Data |
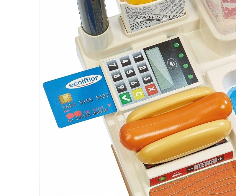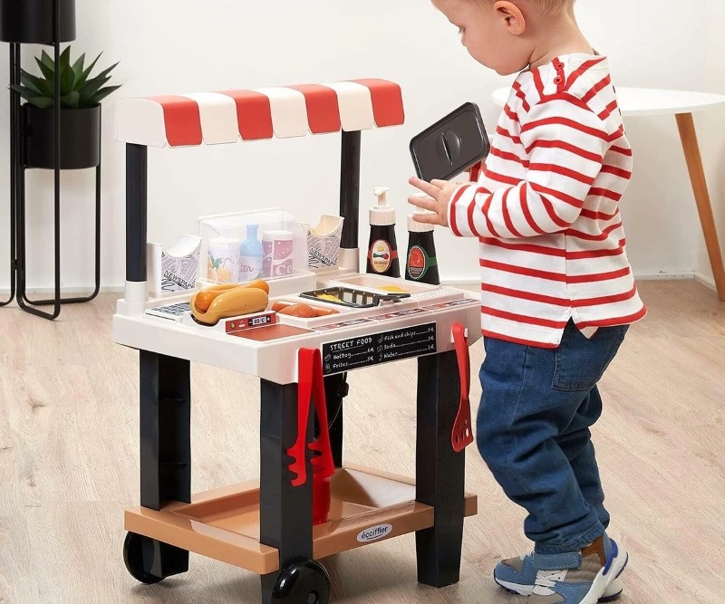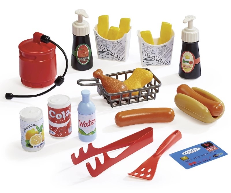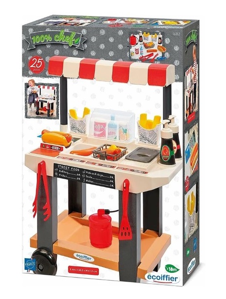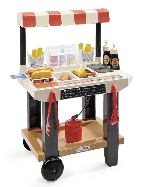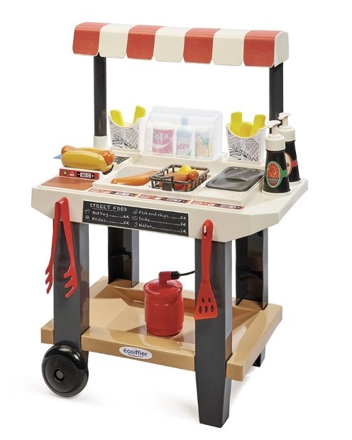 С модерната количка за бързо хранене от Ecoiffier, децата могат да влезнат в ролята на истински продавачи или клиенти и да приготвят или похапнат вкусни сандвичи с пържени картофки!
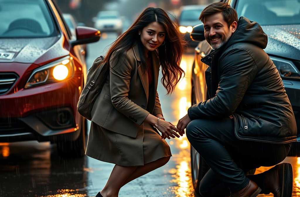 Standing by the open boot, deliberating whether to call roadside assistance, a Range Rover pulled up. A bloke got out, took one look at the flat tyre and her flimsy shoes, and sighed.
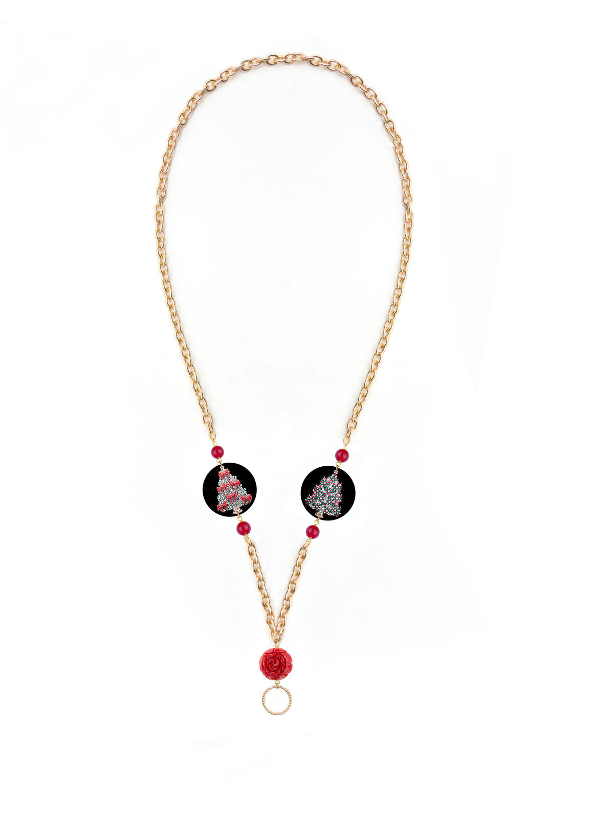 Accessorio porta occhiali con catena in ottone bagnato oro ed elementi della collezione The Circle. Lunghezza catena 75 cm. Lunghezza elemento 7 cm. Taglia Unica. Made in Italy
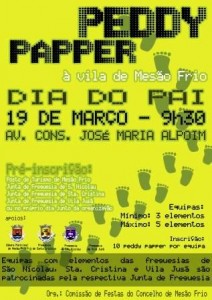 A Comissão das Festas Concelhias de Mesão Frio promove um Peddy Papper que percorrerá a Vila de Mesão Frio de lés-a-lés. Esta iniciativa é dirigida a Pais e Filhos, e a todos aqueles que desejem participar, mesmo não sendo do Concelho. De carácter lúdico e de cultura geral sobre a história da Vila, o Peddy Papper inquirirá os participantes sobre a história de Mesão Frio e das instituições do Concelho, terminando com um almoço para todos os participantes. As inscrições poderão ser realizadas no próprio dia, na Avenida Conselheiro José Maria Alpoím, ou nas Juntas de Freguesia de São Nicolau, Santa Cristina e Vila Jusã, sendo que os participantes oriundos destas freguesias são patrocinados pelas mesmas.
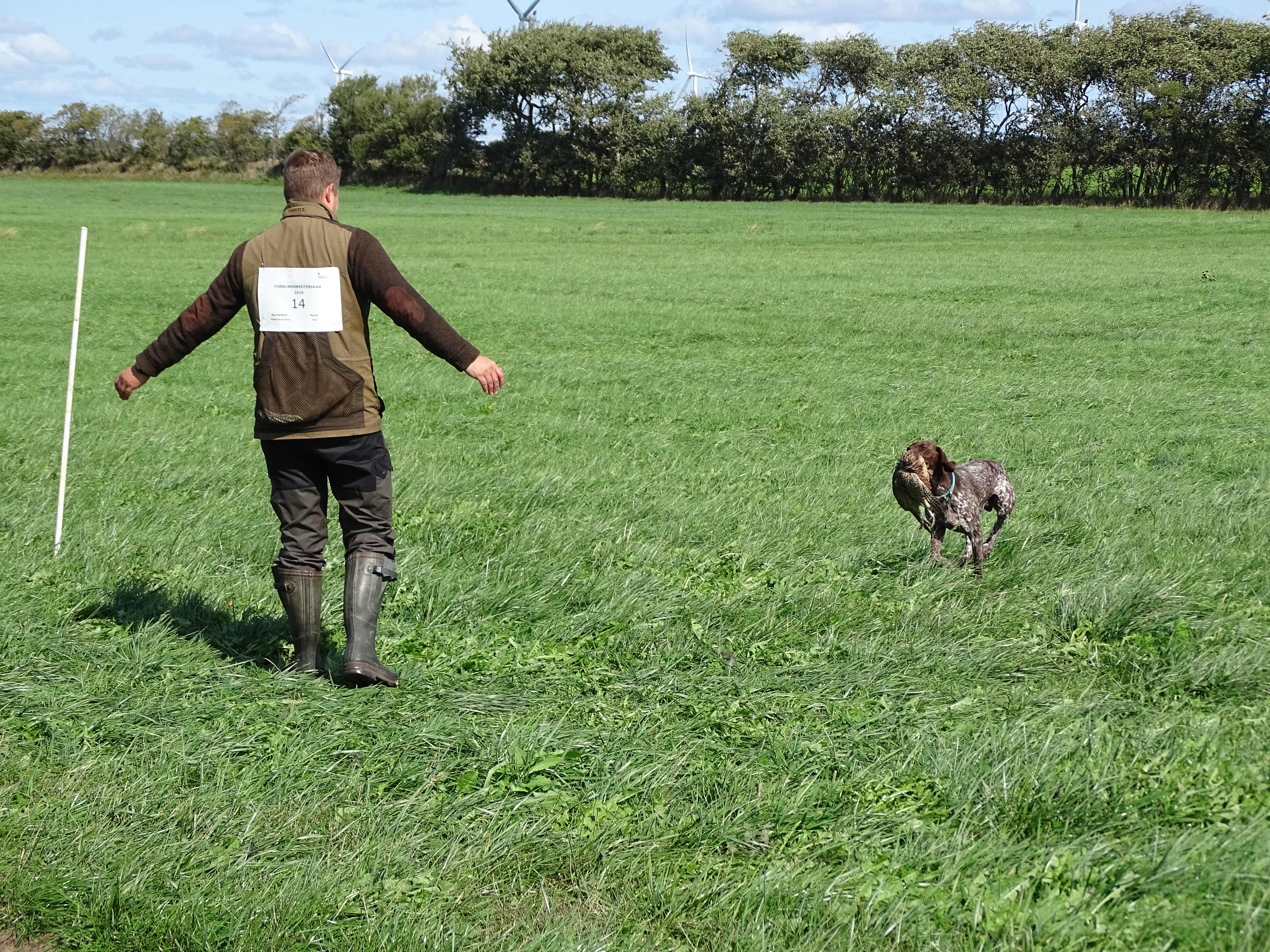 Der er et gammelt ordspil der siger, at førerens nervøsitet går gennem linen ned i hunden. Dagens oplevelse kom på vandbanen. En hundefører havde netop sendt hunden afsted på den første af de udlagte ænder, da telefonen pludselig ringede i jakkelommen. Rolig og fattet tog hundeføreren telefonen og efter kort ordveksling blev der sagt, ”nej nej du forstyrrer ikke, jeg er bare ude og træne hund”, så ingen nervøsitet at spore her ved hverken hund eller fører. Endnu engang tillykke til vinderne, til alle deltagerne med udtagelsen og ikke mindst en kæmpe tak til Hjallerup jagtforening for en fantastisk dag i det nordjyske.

---

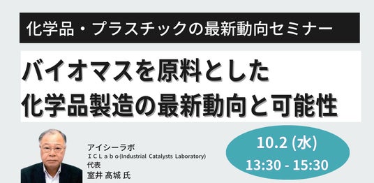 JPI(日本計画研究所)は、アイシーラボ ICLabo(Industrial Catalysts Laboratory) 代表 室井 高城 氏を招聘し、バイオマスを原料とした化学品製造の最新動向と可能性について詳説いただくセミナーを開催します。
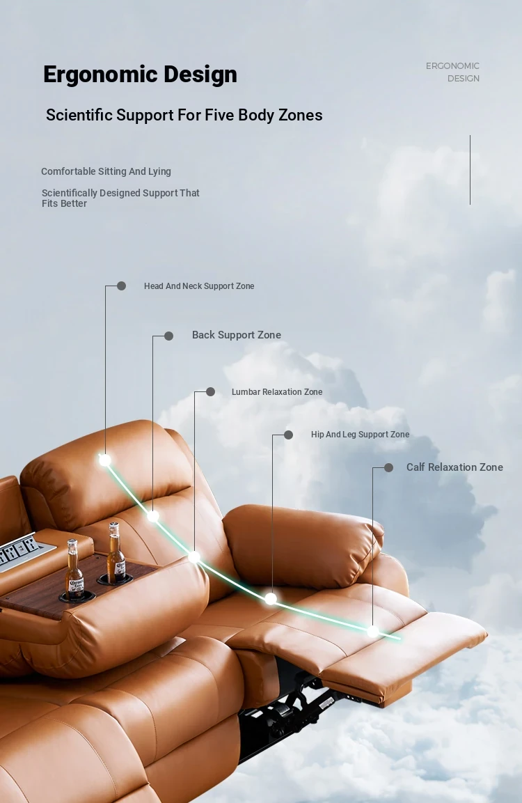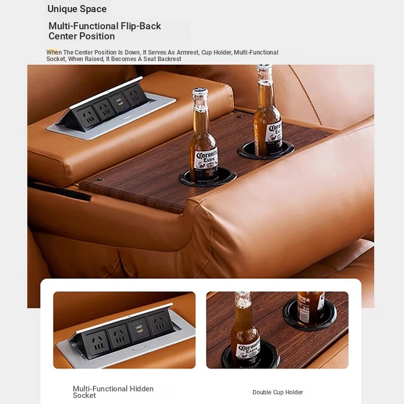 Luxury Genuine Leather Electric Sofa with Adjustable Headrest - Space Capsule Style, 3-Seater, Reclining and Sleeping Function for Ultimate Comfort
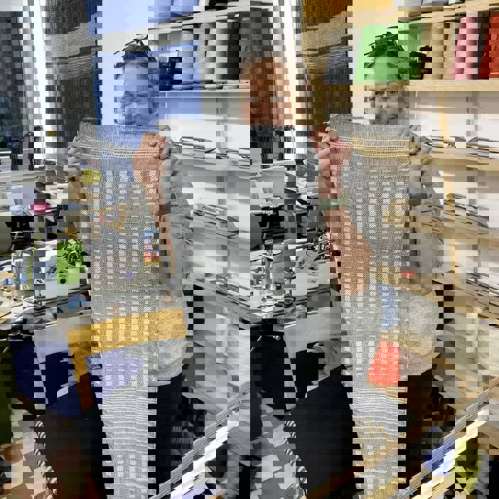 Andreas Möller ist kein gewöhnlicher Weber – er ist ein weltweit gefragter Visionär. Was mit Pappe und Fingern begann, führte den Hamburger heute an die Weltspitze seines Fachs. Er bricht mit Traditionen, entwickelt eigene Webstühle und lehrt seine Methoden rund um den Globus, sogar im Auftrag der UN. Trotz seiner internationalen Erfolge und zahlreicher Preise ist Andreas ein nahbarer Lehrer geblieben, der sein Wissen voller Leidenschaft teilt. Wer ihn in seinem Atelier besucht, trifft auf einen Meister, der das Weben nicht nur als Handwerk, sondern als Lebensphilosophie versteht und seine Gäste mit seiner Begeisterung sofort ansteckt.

...

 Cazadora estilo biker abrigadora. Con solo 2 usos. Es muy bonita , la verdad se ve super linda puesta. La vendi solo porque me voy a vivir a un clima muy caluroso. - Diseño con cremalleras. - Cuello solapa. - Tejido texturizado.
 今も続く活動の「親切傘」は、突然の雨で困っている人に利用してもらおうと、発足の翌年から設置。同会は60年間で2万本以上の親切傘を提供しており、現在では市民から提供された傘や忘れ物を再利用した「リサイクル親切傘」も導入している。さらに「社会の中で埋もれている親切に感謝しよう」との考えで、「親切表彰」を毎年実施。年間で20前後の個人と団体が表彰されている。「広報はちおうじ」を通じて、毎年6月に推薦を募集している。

Work instruction |
What's needed is an exact copy of the records above from the line containing "Luxury Genuine Leather" down to the line containing "Andreas Möller ist", both included, without any pictures.

Exercise solution |
 Luxury Genuine Leather Electric Sofa with Adjustable Headrest - Space Capsule Style, 3-Seater, Reclining and Sleeping Function for Ultimate Comfort
 Andreas Möller ist kein gewöhnlicher Weber – er ist ein weltweit gefragter Visionär. Was mit Pappe und Fingern begann, führte den Hamburger heute an die Weltspitze seines Fachs. Er bricht mit Traditionen, entwickelt eigene Webstühle und lehrt seine Methoden rund um den Globus, sogar im Auftrag der UN. Trotz seiner internationalen Erfolge und zahlreicher Preise ist Andreas ein nahbarer Lehrer geblieben, der sein Wissen voller Leidenschaft teilt. Wer ihn in seinem Atelier besucht, trifft auf einen Meister, der das Weben nicht nur als Handwerk, sondern als Lebensphilosophie versteht und seine Gäste mit seiner Begeisterung sofort ansteckt.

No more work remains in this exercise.